Sample size decrease when doing beta diversity analysis


I have a question about beta diversity analysis. My sample size seems to be reduced in beta diversity analyses in the emperor plot from 36 to 25. I used a sampling depth of 6093 which only removed three of the samples but I can see reductions in all samples really more than this. Can someone help me with figuring out why this is happening?


Hi @Negin,
We would need more detail to troubleshoot this issue. Could you provide us with the qiime2 version, exact commands you are running, and the feature-table and metadata file you are using? You could PM this if you rather not share this info publicly.

Hi Mehrbod,

I was able to return some of the samples. It seemed that I was using the sampling depth from before filtering so a higher number of my samples were removed. This fixed almost everything except for one species and only for Jaccard index that I lose one sample even though making unweighted unifrac plot with the exact data would not remove that sample. I was wondering whether dots can overlap in the plot?

Hi @Negin,
Glad you figured out the root of the problem!
Dots can theoretically overlap if everything in the samples is the same though this rarely happens in real life data. Personally I’ve never seen complete overlap. You can try searching for that individual sample by browsing through the side menu in Emperor. Simply go to the scale menu, find the sample that appears to be missing and increase its size until you find it on the plot. If that sample is missing completely from the drop down menu then we’ll have to look elsewhere for our problem.

Hi Mehrbod,

I tried that. I can’t find it. One sample of one species seem to be missing from two of the plots: Jaccard and weighted unifrac but not from unweighted unifrac or bray-curtis.

Hi @Negin,
Not sure I understand what you mean by one sample of one species, since the Emperor plots show samples alone without species info (unless this is a biplot?)
Would you mind sharing one of plots with the missing data and one without the missing data? You can PM this if you rather not share the data.

Hi Mehrbod,

In Emperor plot, we can choose a category. Here, I choose species and then species are color-coded and I can see what is missing. For example in the two plots below, you can see that Jaccard has one fewer sample when compared to Unifrac. They are located on the top left of the plot and they are green if you color-code based on species. Please let me know when you see the plots and I will remove them from here.

Thanks Negin,
Just looking through them now if you'd like to remove them. In the future, if you have sensitive data that you do't want public you can send them via direct messages on the forum by clicking on the top right avatar icon and clicking the envelope 'message' sign. :slight_smile:

Hi Negin,
Actually, looks like you attached the Jaccard visualization but the unweighted-unifrac distance matrix. I won’t be able to reproduce the emperor plot without the metadata.tsv file you used. Do you mind either PMing me the metadata.tsv file or the unweighted-unifrac visualization artifact. Thanks

Hi @Negin,
Thanks for PMing your Jaccard plot. As it turns out the powers at play had one last April Fool's joke to play with us.
Your initial guess that there was a complete overlap is true.

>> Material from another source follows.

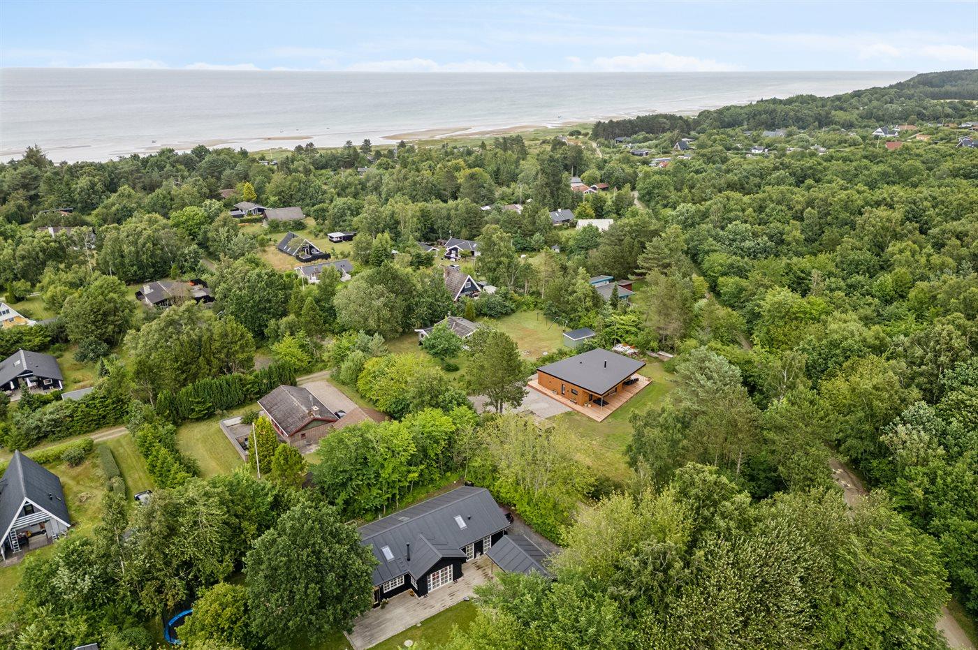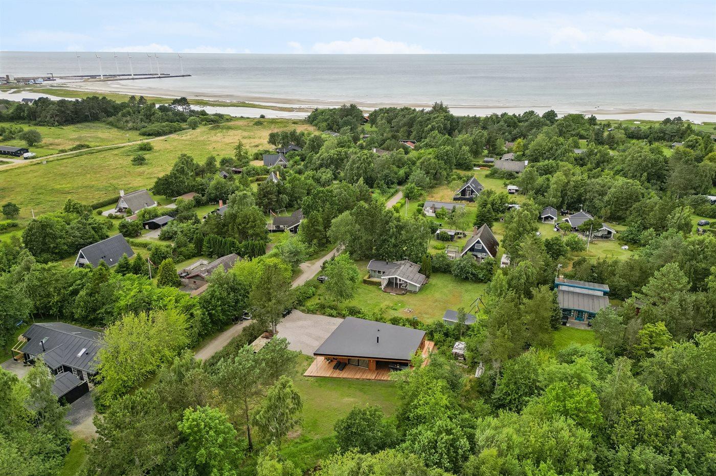 Ferieboligen er beliggende på en 1800 m² stor naturgrund. Der er 300 m til havet. Nærmeste forretning er beliggende i en afstand af 1000 m. Til ferieboligen hører åbent terrasseareal. Desuden er der overdækket terrasse. Udendørs bruser. Grill til rådighed. Der er installeret stik til opladning af elbil. Type 2 stik. Med 11 kW ladeeffekt. Parkering ved ferieboligen.

The image on the left is your Jaccard plot color-coded with Species and the big green sphere is Hibernia and Persephone in perfect overlap. I couldn't separate them with scaling but I just changed one shape to a Ring and the other to a diamond and voila, they're both there.
I've never actually seen complete overlap in real life samples but given that the Jaccard distance is based on Presence/Absence this simply means that those two samples share all the same taxa/ASVs completely. This may have happened naturally which is rare, but I guess totally plausible or perhaps something you did with the filtering steps prior that drew those 2 samples to each other. Eitherway, there's nothing wrong with your plots or any of the tools used. Just Loki having a laugh :black_joker:


Hi Mehrbod,

Thank you for trouble-shooting that. I did filter reads that were suspected to be host DNA based on NCBI. That might be the cause of complete overlap.


and I should mention this was very smart of you to figure that out. Choosing a ring and resize them was the best way to see both. Thanks for figuring that out.


This topic was automatically closed 31 days after the last reply. New replies are no longer allowed.